» **About this task**: Using the listing below, set down exactly the lines from the one that contains "- Kraaijenbrink, C.;" through the one that contains "Electrician engineer adorned", with no pictures.

» **Provided data**:

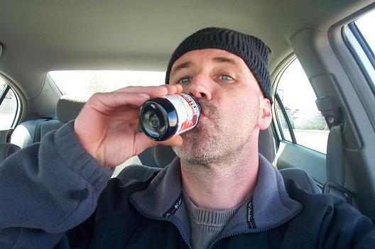 Pharmacy run this mornin'. Codeine washed down with Benylin.
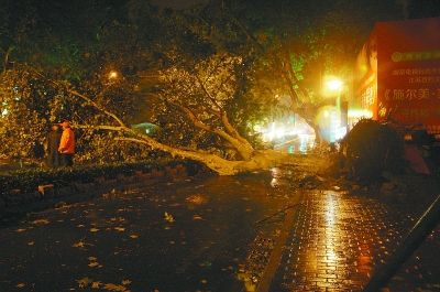 8月8日晚,园林工人在处置被刮倒的行道树 吴明亮 摄
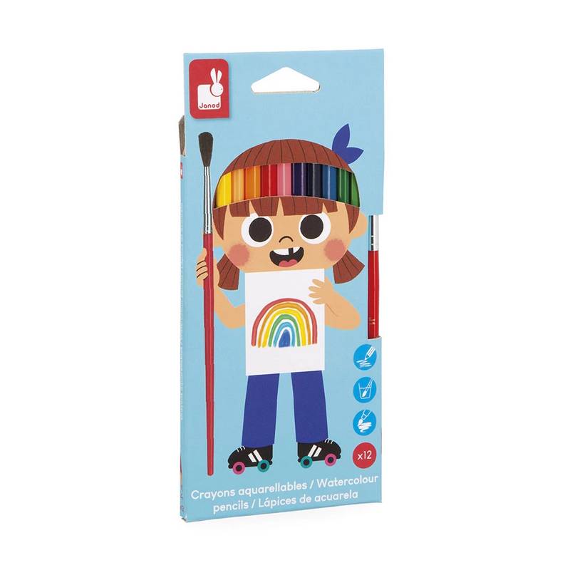 Ce kit de 12 crayons de couleur aquarellables est conçu pour les enfants à partir de 3 ans. Grâce à leur mine tendre et résistante, ils permettent un coloriage lumineux, qui peut ensuite se transformer en aquarelle avec le pinceau inclus. Une belle façon de combiner dessin et peinture dans une même création !
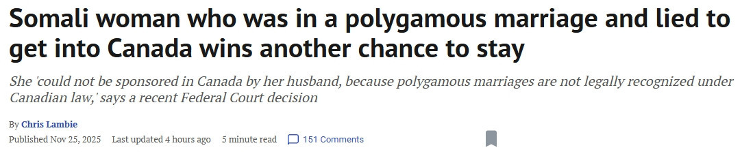 一名索马里籍女子因在申请加拿大难民身份时为自己和两个孩子提供虚假姓名和出生日期、并隐瞒自己与一名加籍索马里男子存在一夫多妻婚姻关系,被禁止入境加拿大五年。然而,她近日成功赢得再次留在加拿大的机会。
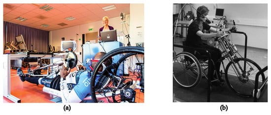 - Kraaijenbrink, C.; Vegter, R.; de Groot, S.; Arnet, U.; Valent, L.; Verellen, J.; van Breukelen, K.; Hettinga, F.; Perret, C.; Abel, T.; et al. Biophysical aspects of handcycling performance in rehabilitation, daily life and recreational sports; a narrative review. Disabil. Rehabil. 2021, 43, 3461–3475. [Google Scholar] [CrossRef]
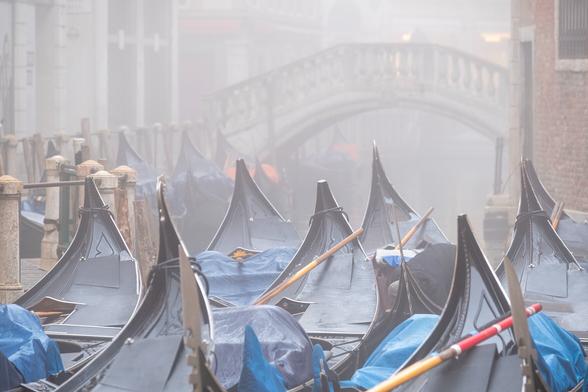 Gondola resting on an early morning misty day in Venice!
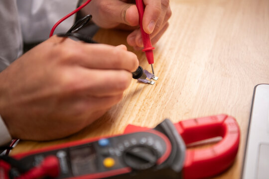 Electrician engineer adorned in safety gear is checks wire connections and continuity in an industrial electrical panel.
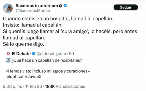 Infovaticana puso en conocimiento del Arzobispo de Valencia Monseñor Enrique Benavent los hechos el pasado 22 de octubre de 2025, así como en el transcurso de estos últimos días. Antes de hacer pública cualquier información que pueda hacer daño a las almas, se actuó conforme a un criterio elemental de prudencia y justicia: advertir al afectado y advertir a su obispo, concediendo la posibilidad de aclaración y de rectificación. Que el sacerdote Borja Escrivá, como @SacerdosMariae, siga dedicándose a explicar a decenas de miles de seguidores en redes su pastoral con niños enfermos y actúe como influencer polémico es un escándalo difícil de digerir y un riesgo de escándalo que debería haberse evitado.
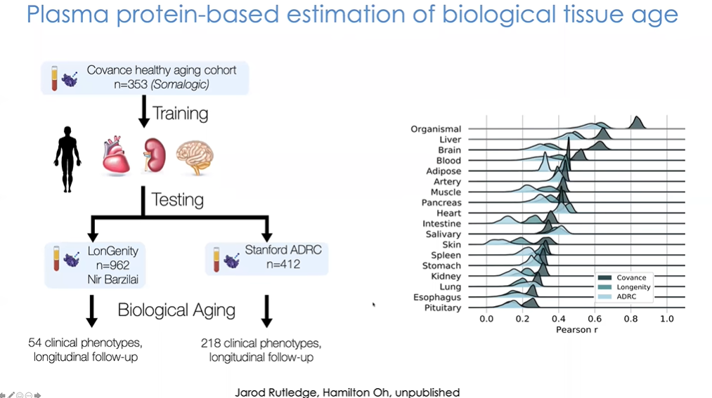 在该研究中,我们与SomaLogic公司合作构建了一个正常衰老验证队列,建立了心脏、肾脏、大脑时钟,并在全身范围内对时钟进行了训练(图31)。研究中没有限制算法使用的蛋白质。接着我们将其在独立数据集中进行测试。其中一个来自于Nir Barzilai的长寿研究和百岁老人研究,另一个是斯坦福对早期阿尔茨海默病、帕金森病以及痴呆患者的研究。

» **Task answer**:
 - Kraaijenbrink, C.; Vegter, R.; de Groot, S.; Arnet, U.; Valent, L.; Verellen, J.; van Breukelen, K.; Hettinga, F.; Perret, C.; Abel, T.; et al. Biophysical aspects of handcycling performance in rehabilitation, daily life and recreational sports; a narrative review. Disabil. Rehabil. 2021, 43, 3461–3475. [Google Scholar] [CrossRef]
 Gondola resting on an early morning misty day in Venice!
 Electrician engineer adorned in safety gear is checks wire connections and continuity in an industrial electrical panel.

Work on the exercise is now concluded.